◆ **Records to process**
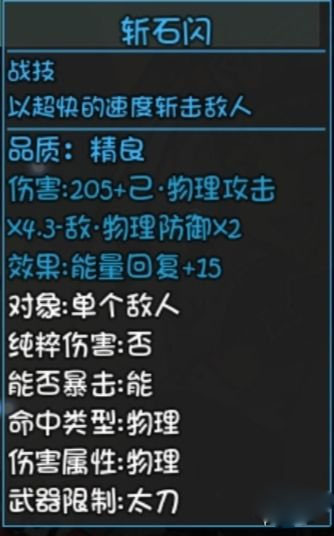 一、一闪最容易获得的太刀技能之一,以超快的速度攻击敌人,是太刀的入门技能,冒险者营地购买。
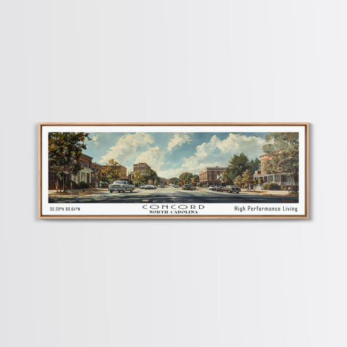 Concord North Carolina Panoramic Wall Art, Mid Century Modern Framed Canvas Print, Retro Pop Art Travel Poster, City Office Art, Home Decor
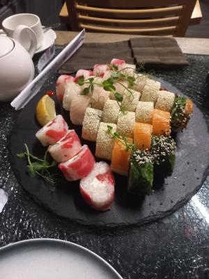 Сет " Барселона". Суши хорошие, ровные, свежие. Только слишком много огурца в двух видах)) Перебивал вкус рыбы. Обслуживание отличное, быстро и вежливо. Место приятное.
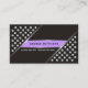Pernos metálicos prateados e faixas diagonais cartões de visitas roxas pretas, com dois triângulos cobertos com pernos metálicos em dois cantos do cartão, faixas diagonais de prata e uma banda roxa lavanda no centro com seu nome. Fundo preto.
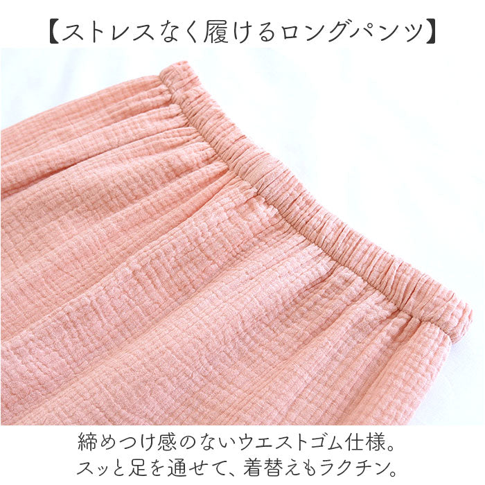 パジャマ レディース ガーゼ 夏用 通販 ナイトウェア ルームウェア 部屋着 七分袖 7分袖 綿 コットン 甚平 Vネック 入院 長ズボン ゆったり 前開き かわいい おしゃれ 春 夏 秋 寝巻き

◆ **Work request**
Give back exactly the lines above from the one with "Concord North Carolina" through the one with "вежливо. Место приятное.", both included. Pictures don't belong in the copy.

◆ **Task solution**
 Concord North Carolina Panoramic Wall Art, Mid Century Modern Framed Canvas Print, Retro Pop Art Travel Poster, City Office Art, Home Decor
 Сет " Барселона". Суши хорошие, ровные, свежие. Только слишком много огурца в двух видах)) Перебивал вкус рыбы. Обслуживание отличное, быстро и вежливо. Место приятное.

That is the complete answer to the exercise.